Stored data
......

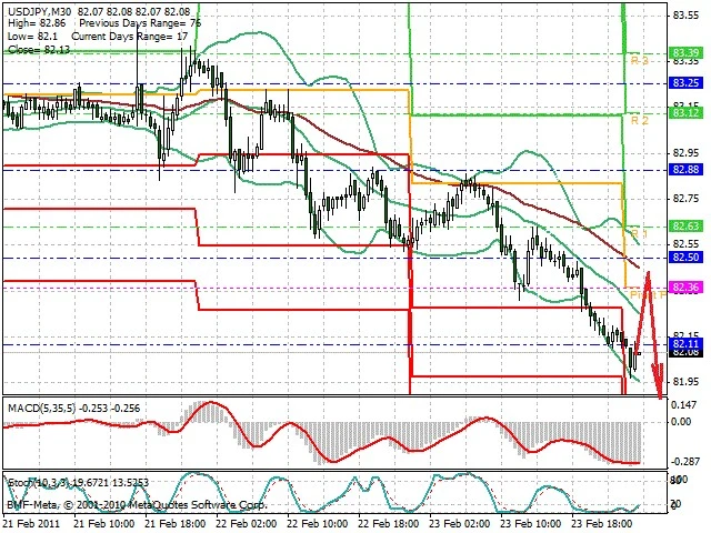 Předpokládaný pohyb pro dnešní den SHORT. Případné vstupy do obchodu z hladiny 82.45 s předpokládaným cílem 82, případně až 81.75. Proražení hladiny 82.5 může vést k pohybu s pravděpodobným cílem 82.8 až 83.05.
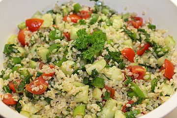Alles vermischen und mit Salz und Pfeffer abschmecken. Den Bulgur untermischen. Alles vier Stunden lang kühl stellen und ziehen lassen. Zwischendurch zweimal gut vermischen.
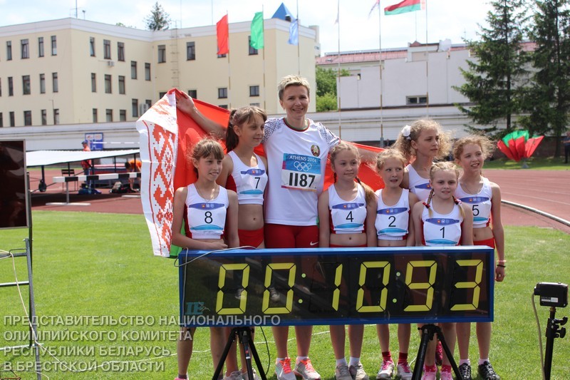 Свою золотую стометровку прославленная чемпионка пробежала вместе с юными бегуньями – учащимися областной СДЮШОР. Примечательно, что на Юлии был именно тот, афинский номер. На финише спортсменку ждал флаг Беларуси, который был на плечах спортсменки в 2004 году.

......

Your instructions
Keeping every word as it is, write out all the data and omit the pictures.

Solved problem
 Předpokládaný pohyb pro dnešní den SHORT. Případné vstupy do obchodu z hladiny 82.45 s předpokládaným cílem 82, případně až 81.75. Proražení hladiny 82.5 může vést k pohybu s pravděpodobným cílem 82.8 až 83.05.
Alles vermischen und mit Salz und Pfeffer abschmecken. Den Bulgur untermischen. Alles vier Stunden lang kühl stellen und ziehen lassen. Zwischendurch zweimal gut vermischen.
 Свою золотую стометровку прославленная чемпионка пробежала вместе с юными бегуньями – учащимися областной СДЮШОР. Примечательно, что на Юлии был именно тот, афинский номер. На финише спортсменку ждал флаг Беларуси, который был на плечах спортсменки в 2004 году.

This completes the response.